**The problem**
Copy the lines below exactly, starting at the one with "This is a ZARA" and ending at the one with "Designed for precision, durability, and", and leave out any picture.

[[ Extracted records open ]]

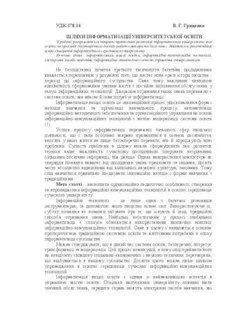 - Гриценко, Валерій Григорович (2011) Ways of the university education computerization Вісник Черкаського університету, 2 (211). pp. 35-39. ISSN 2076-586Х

[[ Extracted records closed ]]
[[ Extracted records open ]]

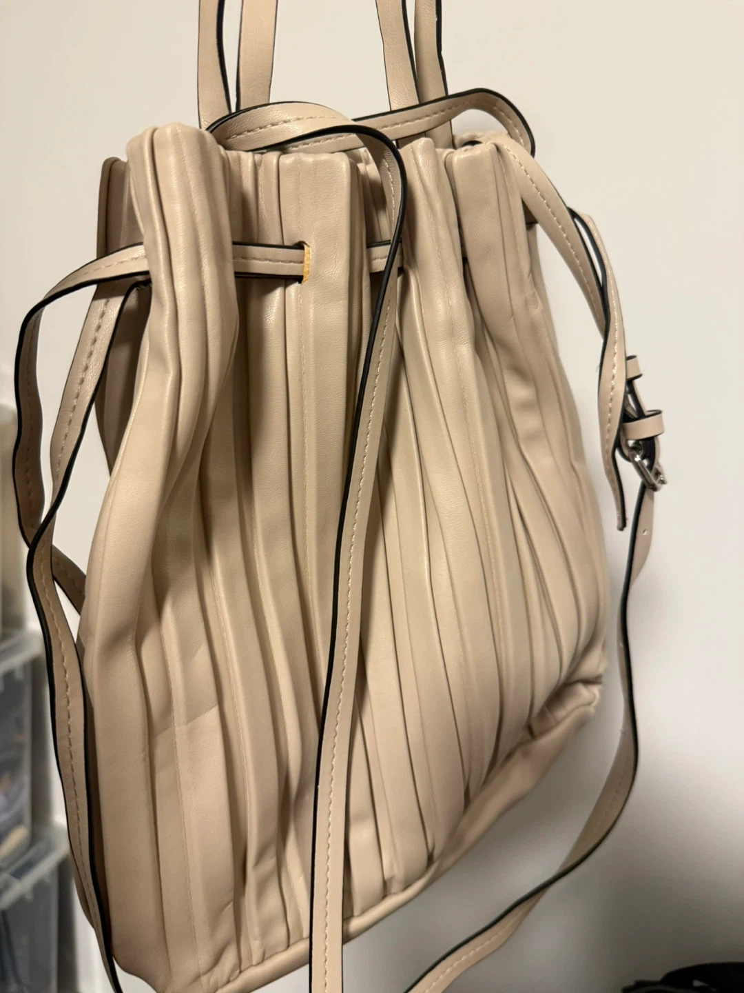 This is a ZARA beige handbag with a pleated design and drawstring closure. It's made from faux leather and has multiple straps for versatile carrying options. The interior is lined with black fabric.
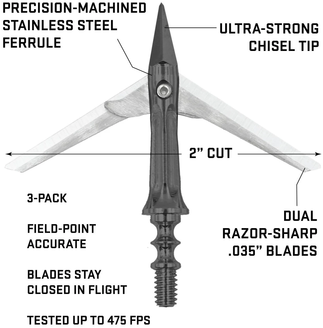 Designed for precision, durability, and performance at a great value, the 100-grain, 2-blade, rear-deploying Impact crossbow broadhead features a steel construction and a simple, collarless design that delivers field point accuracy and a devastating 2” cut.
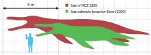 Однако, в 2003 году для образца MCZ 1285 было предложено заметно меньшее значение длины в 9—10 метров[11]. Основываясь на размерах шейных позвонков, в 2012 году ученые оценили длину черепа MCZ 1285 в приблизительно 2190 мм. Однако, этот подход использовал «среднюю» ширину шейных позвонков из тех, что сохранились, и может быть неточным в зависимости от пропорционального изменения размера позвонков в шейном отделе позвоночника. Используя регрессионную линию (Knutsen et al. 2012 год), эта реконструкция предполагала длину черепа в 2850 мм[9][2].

[[ Extracted records closed ]]

**Response**
 This is a ZARA beige handbag with a pleated design and drawstring closure. It's made from faux leather and has multiple straps for versatile carrying options. The interior is lined with black fabric.
 Designed for precision, durability, and performance at a great value, the 100-grain, 2-blade, rear-deploying Impact crossbow broadhead features a steel construction and a simple, collarless design that delivers field point accuracy and a devastating 2” cut.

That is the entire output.